Mort d’un journaliste : la liberté d’expression toujours menacé

Amnesty International a demandé aux autorités du Kurdistan irakien de veiller à ce que l’enquête sur les circonstances de la mort du journaliste Wedat Hussein Ali, qui a été tué le 13 août 2016 à Dahuk (nord du Kurdistan irakien), soit minutieuse, indépendante et impartiale.

La morgue de l’hôpital de Dahuk a remis la dépouille de Wedat Hussein Ali à ses proches le 13 août. Son corps présentait des marques qui semblaient avoir été provoquées par des actes de torture. Le 15 août, les autorités du Kurdistan irakien ont déclaré qu’une enquête allait être ouverte. Cette enquête doit être menée par une instance indépendante et des mesures doivent être mises en place pour garantir la sécurité des témoins et veiller à ce que les résultats soient rendus publics.

D’après les témoignages qu’Amnesty International a recueillis auprès de ses proches et de ses collègues ainsi que d’autres militants, Wedat Hussein Ali a déposé un proche vers 9 h 30 le 13 août 2016, alors qu’il se rendait au travail en voiture. Des témoins ont déclaré l’avoir vu se faire intercepter sur la route par deux voitures civiles dans le quartier de Malte, dans l’ouest de Dahuk. Trois hommes en civil l’ont forcé à sortir de sa voiture, lui ont mis un sac sur la tête, l’ont poussé dans l’une de leurs voitures sous la menace d’une arme et sont partis. Des témoins ont déclaré aux membres de la famille de Wedat Hussein Ali que les ravisseurs avaient dit que le journaliste était arrêté pour avoir renversé un enfant. Les témoins ont dit à la famille de Wedat Hussein Ali qu’ils avaient relevé le modèle et la plaque d’immatriculation de la voiture et avaient transmis ces informations à des agents des services de sécurité kurdes (Asayish).

Environ deux heures plus tard, les proches de Wedat Hussein Ali ont été contactés par l’Asayish de Dahuk qui les a informés qu’« un membre de leur famille était à l’hôpital dans un état critique ». Lorsqu’ils sont arrivés à l’hôpital, ils ont été dirigés vers la morgue, où ils ont trouvé le corps contusionné de Wedat Hussein Ali. Les photos de son corps prises à la morgue, qu’Amnesty International a pu consulter, montrent des ecchymoses sur le visage, le torse et le reste du corps, ainsi que des lacérations profondes à la tête.
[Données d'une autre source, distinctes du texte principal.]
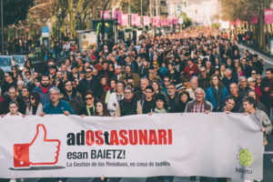 Con miles de personas en la calle, la plataforma GuraSOS ha vuelto a hacer gala de fuerza social esta tarde en Donostia. La manifestación anti incineradora de Zubieta ha partido del túnel del Antiguo pasadas las 17 y ha culminado una hora después en el Boulevard con el lema ‘Esan baietz adostasunari’. Son ya unas cuantas las marchas organizadas por GuraSOS para cambiar los planes de las instituciones y sin embargo, según lo previsto, la incineradora comenzará a funcionar en otoño. Con todo GuraSOS persiste en su empeño.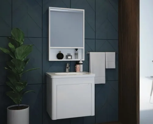 הארון מסופק עם כיור אינטגרלי לבן (כמו בתמונה של הכיור) ומראה עם 2 מדפים.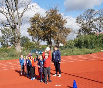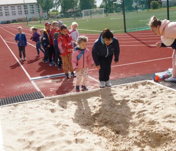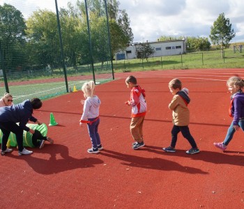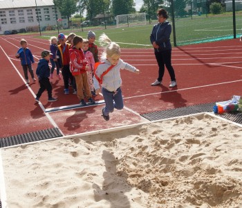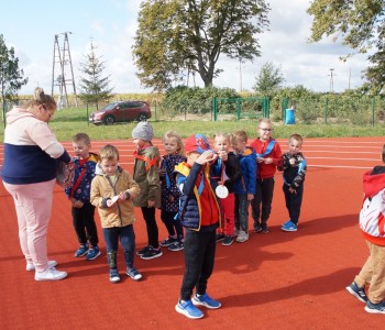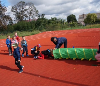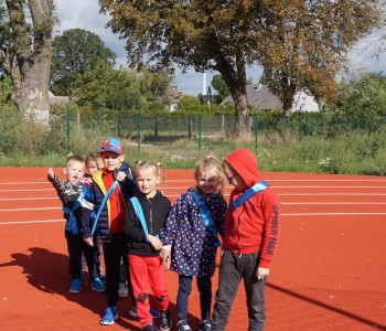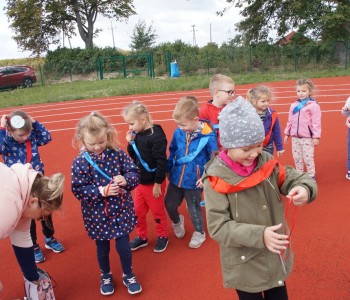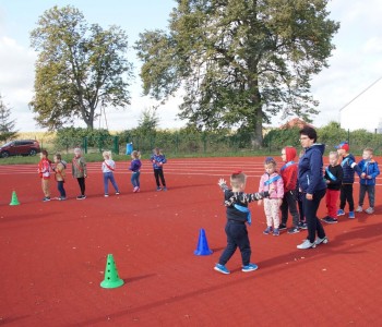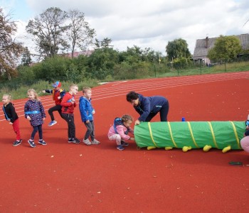 Na początek wychowawczyni przeprowadziła z dziećmi krótką rozgrzewkę, po czym nasi mali sportowcy mogli rozpocząć swoją przygodę. Konkurencje sportowe obejmowały: slalom z woreczkami, układ ruchowy, wędrującą piłkę, przejście przez tunel, skok w dal z miejsca, bieg. Po zaliczeniu wszystkich konkurencji zliczyliśmy punkty, zwycięska drużyna otrzymała symboliczny puchar, a wszystkie dzieci otrzymały pamiątkowe medale.

L’Asayish de Dahuk a informé la famille de Wedat Hussein Ali que son corps avait été trouvé par des villageois près de Simele (ou Sumeil), à l’ouest de la ville de Dahuk, et que les villageois en avaient informé la police locale qui avait alors signalé à l’Asayish de Dahuk que « le corps d’un habitant de Dahuk se trouvait » dans leur poste de police et qu’il devait être récupéré.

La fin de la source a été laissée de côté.